Cortex is currently the only public blockchain that allows on-chain execution of machine learning models. Every step of the inference is transparent to the public, verified by blockchain consensus.

Why should I upload my model to Cortex?

You will get paid a small amount in CTXC each time your model is called in a smart contract. This award comes from part of the miner's reward and its aim is to incentivize machine learning developers to upload their models to the blockchain for the world to use.

A few essential vocabulary for the rest of the tutorial:

CVM:

CVM, short for Cortex Virtual Machine, is the core of the Cortex blockchain. It is responsible for executing code on-chain. It is backward compatible with Ethereum's EVM with added support for on-chain machine learning inference. While it is virtually impossible to execute nontrivial ML models on the EVM, CVM is specially designed for on-chain ML inference with innovations such as utilization of node machines' GPUs and deterministic quantization of ML models.

CVM-Runtime:

An open-source deterministic machine learning framework written in C++. During runtime, the CVM (Cortex Virtual Machine) executes your models via CVM-Runtime. It is comparable to other frameworks such as MXNet, PyTorch, TensorFlow etc. with the important distinction that it is deterministic across different computing environments.

MRT:

MRT (written in Python), short for Model Representation Tool, is one of the most important parts of CVM-Runtime. It quantizes and prepares your model for on-chain execution by CVM-Runtime. At the risk of oversimplification, MRT basically compresses and converts your model from floating point to integer-only so that its execution is efficient and deterministic across different devices. The original research was endorsed by the official team of Amazon MXNet and the details can be read here.

In this tutorial, we will write a simple handwritten digit recognition model, convert it via MRT, and upload it to the Cortex blockchain so that it can be executed on-chain.

We will walk through 4 main stages:

(1) Install CVM-Runtime and other dependencies.

(2) Train a model using the MXNet framework.
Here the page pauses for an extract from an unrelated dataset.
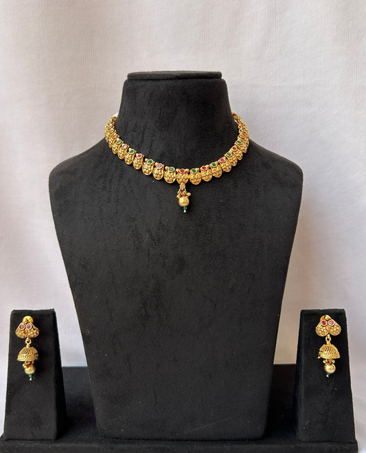 Necklace with Red Green Meena - Code - GOLD8

(3) Quantize the model trained in stage 2 using MRT.

(4) Upload the model

Prerequisites:

  • A machine with the Linux Operating System [1]. The official implementation is currently only in Linux, but if you're passionate about implementing CVM-Runtime in a different operating system, pull requests are more than welcomed!
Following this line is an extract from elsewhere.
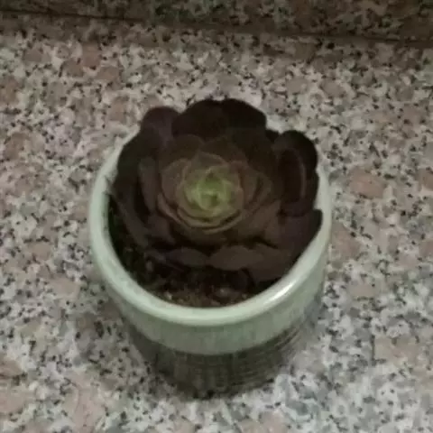 植株无茎,肉质叶排成莲座状,叶色深绿或褐绿色,先端卵圆状三角形,有浅色网格状脉纹,叶缘有细齿 。

  • A machine with GPU and CUDA installed properly for your Linux version.

  • Working knowledge of Linux programming.

  • Willingness to debug for yourself. While we seek to be as comprehensive as possible in this tutorial, we cannot cover all the idiosyncrasies of different machines and environments. If you notice an issue in the documentation, feel free to open Github issues or pull requests.

If you encounter any problems during the course, feel free to reach out to our core dev team via our Telegram or Twitter. We seek to constantly improve our documentation.

Let's get started!

Tutorial

Stage I: Install CVM-runtime and Other Dependencies

Install CVM-Runtime

1. Git clone the CVM-runtime repository

git clone -b wlt https://github.com/CortexFoundation/cvm-runtime.git

cd cvm-runtime

2. Configure for compilation

In config.cmake, set the ENABLE_CUDA variable to ON on line 6. This allows us to utilize the GPU.

config

3. Compile

You may need to install make if you have not already.

make -j8 lib

If you encounter this error below

cmake

you should install cmake. Try the following commands:

sudo apt-get update
sudo apt-get install cmake

Now type g++ in your shell to see if you have g++ installed. If not, run sudo apt-get install g++

You might need to switch to a machine with GPU and CUDA installed if you don't have one.

Install MXNET & MRT dependencies

Now go to MXNET's website to install the GPU version of MXNET suited for your CUDA. The install command should look something like

pip3 install mxnet-cu102

Run $nvcc --version to find out your CUDA version; make sure that it matches the number after "cu", in this case it is general version 10.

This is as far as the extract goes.